Mariana Castillo Deball explores the rich history of Berlin (Peter Yeung)
First and foremost Mariana Castillo Deball is a biographer of objects…[She] burrows deep into the history of a thing, meticulously examining, testing and scrutinising its origins, its shifting significance, like some sort of social archaeologist-turned-artist. Now, Deball – who was awarded the Preis der Nationalgalerie für Junge Kunst (National Gallery Prize for Young Art) in 2013 – delves into the rich history of Berlin, and the museums that contain that history, with a solo exhibition at the cavernous contemporary art hub Hamburger Bahnhof.

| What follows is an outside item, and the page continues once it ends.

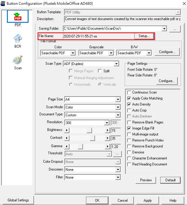 4.You also can choose custom to customize the format as well . Moreover, please remember to click "ok" to save the settings, then your scanned image file will be named with your specific format.

First Look: Leon Underwood at Pallant House Gallery (Simon Martin)
This is the first museum retrospective of Leon Underwood’s work for over 45 years. For many visitors his oeuvre will be unfamiliar, and hopefully surprising. It is fascinating how influential figures can seem to ‘disappear’ from the canon of art history; this show seeks to reconsider his position. Over 40 years ago Sir John Rothenstein, a former director of the Tate, said that the time was overdue for a major exhibition of his work; finally, this is it.
Creativity and Constraints: Mackintosh’s architectural drawings at RIBA (Annabel Sheen)
RIBA’s Charles Rennie Mackintosh exhibition is very much an architect’s show, consisting almost entirely of architectural drawings and watercolours. Only two images of Mackintosh himself – one photograph and a portrait by Francis H. Newbury – are featured, and his private life is mentioned only fleetingly. But the progression of his architectural career, his key achievements and the refinement of his infamous style are charted in intricate detail.
The story behind ‘Telling Tales’ at the Frist Center for Visual Arts (Mark Scala)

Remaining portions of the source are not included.